(Work to complete): Look over the material for the string "cooperation". Copy every line where it turns up.

(Data records):
####################

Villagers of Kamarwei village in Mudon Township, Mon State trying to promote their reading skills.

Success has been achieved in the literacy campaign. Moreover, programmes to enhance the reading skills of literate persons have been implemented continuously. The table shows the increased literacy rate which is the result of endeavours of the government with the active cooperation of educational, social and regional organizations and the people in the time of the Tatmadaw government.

####################

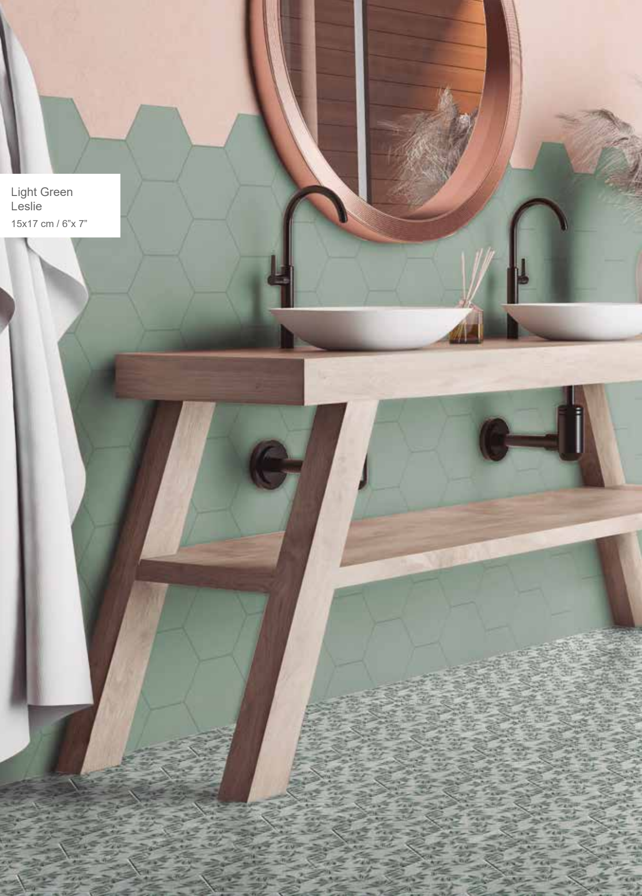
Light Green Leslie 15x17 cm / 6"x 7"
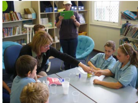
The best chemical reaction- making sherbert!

####################

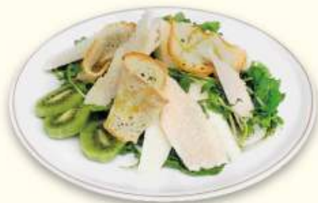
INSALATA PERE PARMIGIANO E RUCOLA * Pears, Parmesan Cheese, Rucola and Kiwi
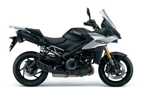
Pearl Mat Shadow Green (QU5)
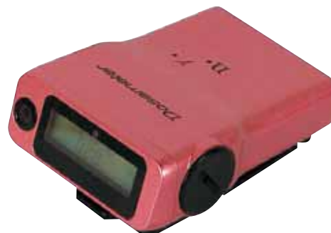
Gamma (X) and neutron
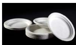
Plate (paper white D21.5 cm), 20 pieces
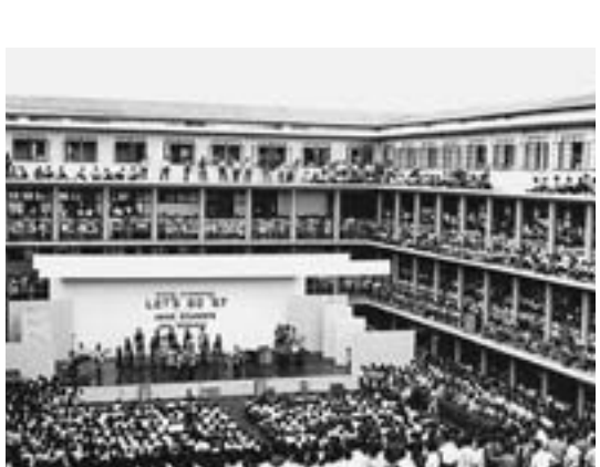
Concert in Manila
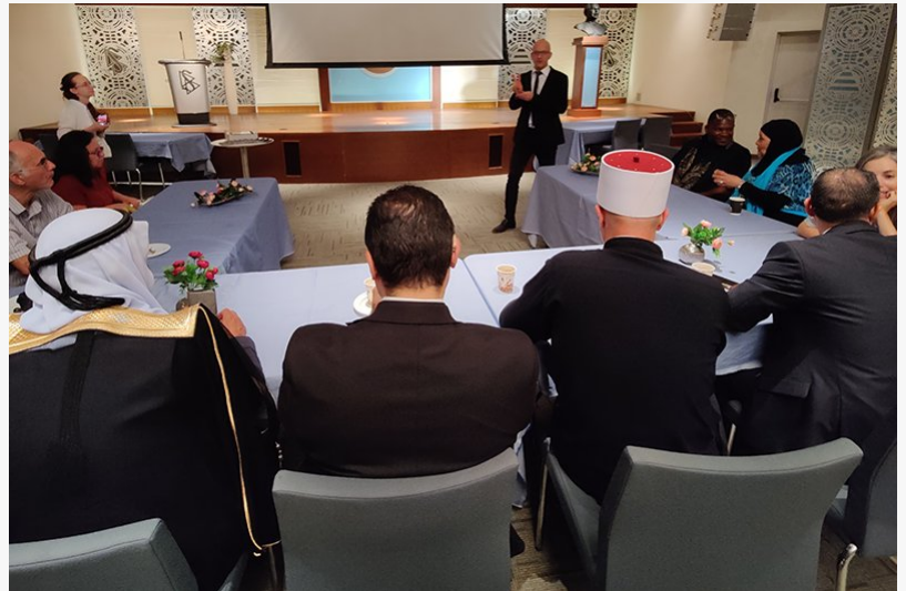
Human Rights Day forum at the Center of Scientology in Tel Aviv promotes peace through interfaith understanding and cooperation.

####################

(Written answer):
Success has been achieved in the literacy campaign. Moreover, programmes to enhance the reading skills of literate persons have been implemented continuously. The table shows the increased literacy rate which is the result of endeavours of the government with the active cooperation of educational, social and regional organizations and the people in the time of the Tatmadaw government.
Human Rights Day forum at the Center of Scientology in Tel Aviv promotes peace through interfaith understanding and cooperation.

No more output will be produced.